Осенью 1795 года Вордсворт и его сестра поселились в Рейсдаун-Лодж, недалеко от Крюкерна, в Дорсетшире. Здесь было проведено почти два года, главным образом в изучении поэзии, и Вордсворт в некоторой степени оправился от жестокого разочарования в своих политических мечтах и обрел то ровное душевное состояние, которое одно только совместимо со здоровой продуктивностью. Здесь Кольридж, которому удалось увидеть в «Описательных набросках» нечто большее, чем обнаружила там публика, впервые познакомился с ним. Сочувствие и признательность такого интеллекта, как у Кольриджа, снабдили его тем внешним мотивом к деятельности, который является главным преимуществом популярности, и оправдали в его глазах его мнение о собственных силах. Именно тогда была по большей части написана трагедия «Пограничники» и предложен план «Лирических баллад», который дал Вордсворту ключ, чтобы вывести его из метафизического лабиринта, в котором он был запутан. Между двумя молодыми друзьями было решено, что Вордсворт должен быть философским поэтом, и, по счастливой случайности, необычной для таких заговоров, Природа уже согласилась на это устройство. В июле 1797 года двое Вордсвортов переехали в Оллфоксден в Сомерсетшире, чтобы быть ближе к Кольриджу, который тем временем женился и обосновался в Нетер-Стоуи. В ноябре «Пограничники» были закончены, и Вордсворт отправился в Лондон со своей сестрой, чтобы предложить ее для сцены. Добрый Гений поэта снова вмешался, пьеса была решительно отвергнута, и Вордсворт вернулся в Оллфоксден, сам став героем той первой трагикомедии, столь обычной для молодых авторов.
Пьеса имеет прекрасные отрывки, но она так же нереальна, как «Джейн Эйр». Она разделяет со многими повествовательными поэмами Вордсворта недостаток написания для иллюстрации абстрактной моральной теории, так что властный тезис постоянно прижимает поэзию к стене. Примененное к драме, такое предопределение делает всех персонажей марионетками и лишает их способности быть характерами. Вордсворт, по-видимому, почувствовал это, когда опубликовал «Пограничников» в 1842 году, и говорит в примечании, что она была «сначала написана... без всякого вида на ее представление на сцене». Но он ошибался. Современные письма Кольриджа к Коттлу показывают, что он долго не оставлял надежды на то, что ее примет какой-нибудь театральный менеджер.
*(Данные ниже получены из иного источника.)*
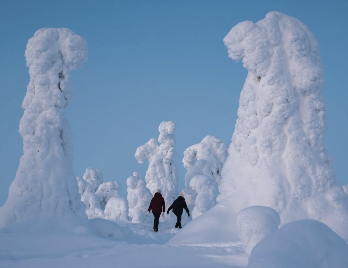 Cette liberté nous permettra d’optimiser chaque journée, et de vous proposer le meilleur timing pour vos activités : que ce soit pour les randonnées bungypump, les sorties en raquettes à neige, la balade en ski de fond.Nous nous baladerons dans des paysages variés uniques de cette région de Laponie : des forêts boréales aux plateaux du parc national de Pallas- Yllästunturi, entre rivières gelées, lacs gelés et silhouettes des candélabres chargés de neige.

Теперь он занялся подготовкой первого тома «Лирических баллад» к печати, и он был опубликован к концу 1798 года. Книга, которая содержала также «Старого моряка» Кольриджа, привлекла мало внимания, и то в значительной степени презрительного. Когда мистер Коттл, издатель, вскоре после этого продал свои авторские права мистеру Лонгману, права на «Лирические баллады» были оценены в ноль, и в конце концов были отданы авторам. Однако нашлось несколько человек, которые обнаружили предрассветные лучи нового дня в том свете, который критическая пожарная команда думала погасить несколькими презрительными струями холодной воды.[336]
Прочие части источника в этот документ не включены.